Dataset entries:
⟨

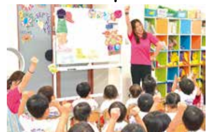
園内は活気に溢れ、いつも子ども達の笑い声が響いている。

“知育・徳育・体育の三育法を基にバランスの取れた人材育成”を理念に、10周年を迎えた服部緑地園と、昨年4月開園の江坂園。異年齢保育を実施しており、思いやりの気持ちや社会適応能力の基礎が身につく。音楽・英語・体育・制作・書道などの多様なカリキュラムで子どもの可能性を引き上げる、たくさんのことを学べる環境だ。11月28日(土)に令和3年度生
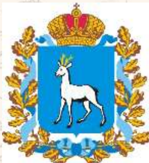
АДМИНИСТРАЦИЯ КРАСНОГЛИНСКОГО РАЙОНА САМАРЫ
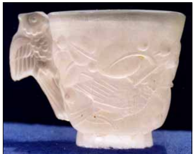
Abb. 2006-3/304 Tasse mit Vogel-Muster (Kakadu?) farbloses, mattiertes Pressglas, H 7 cm, D 6,7 cm Sammlung Stopfer ehem. Heinrich Hoffmann, Gablonz, 2. Hälfte 1930-er Jahre Entwurf A. Pfohl Hersteller unbekannt, Jablonecké sklárny?, ČSSR, um 2000

Sicher ist, dass sie nicht bei Ornela in Desná v Jizerských horách (heute JABLONEX Group a.s.) erzeugt wurden. Dazu ist neuerlich zu bemerken, dass diese Firma bemüht ist, die Qualität ihrer Erzeugnisse zu heben und ihre Produkte, zum Schutze des Käufers vor minderer Nachahmung, seit 2000 mit der sandgestrahlten Marke "DESNÁ" versieht, die auch 1. Qualität von 2. Qualität unterscheidet.
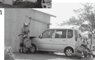
▲ 危険家屋からの救助訓練

10月27日、山崎断層帯及び草谷断層を震源とする、マグニチュード7.5の地震の発生を想定した「稲美町防災訓練」を加古大池で実施しました。

⟩

- _WORK TASK_
Reproduce all entries exactly. Pictures do not belong in the copy.

- _ANSWER SPACE_
園内は活気に溢れ、いつも子ども達の笑い声が響いている。

“知育・徳育・体育の三育法を基にバランスの取れた人材育成”を理念に、10周年を迎えた服部緑地園と、昨年4月開園の江坂園。異年齢保育を実施しており、思いやりの気持ちや社会適応能力の基礎が身につく。音楽・英語・体育・制作・書道などの多様なカリキュラムで子どもの可能性を引き上げる、たくさんのことを学べる環境だ。11月28日(土)に令和3年度生
АДМИНИСТРАЦИЯ КРАСНОГЛИНСКОГО РАЙОНА САМАРЫ
Abb. 2006-3/304 Tasse mit Vogel-Muster (Kakadu?) farbloses, mattiertes Pressglas, H 7 cm, D 6,7 cm Sammlung Stopfer ehem. Heinrich Hoffmann, Gablonz, 2. Hälfte 1930-er Jahre Entwurf A. Pfohl Hersteller unbekannt, Jablonecké sklárny?, ČSSR, um 2000

Sicher ist, dass sie nicht bei Ornela in Desná v Jizerských horách (heute JABLONEX Group a.s.) erzeugt wurden. Dazu ist neuerlich zu bemerken, dass diese Firma bemüht ist, die Qualität ihrer Erzeugnisse zu heben und ihre Produkte, zum Schutze des Käufers vor minderer Nachahmung, seit 2000 mit der sandgestrahlten Marke "DESNÁ" versieht, die auch 1. Qualität von 2. Qualität unterscheidet.
▲ 危険家屋からの救助訓練

10月27日、山崎断層帯及び草谷断層を震源とする、マグニチュード7.5の地震の発生を想定した「稲美町防災訓練」を加古大池で実施しました。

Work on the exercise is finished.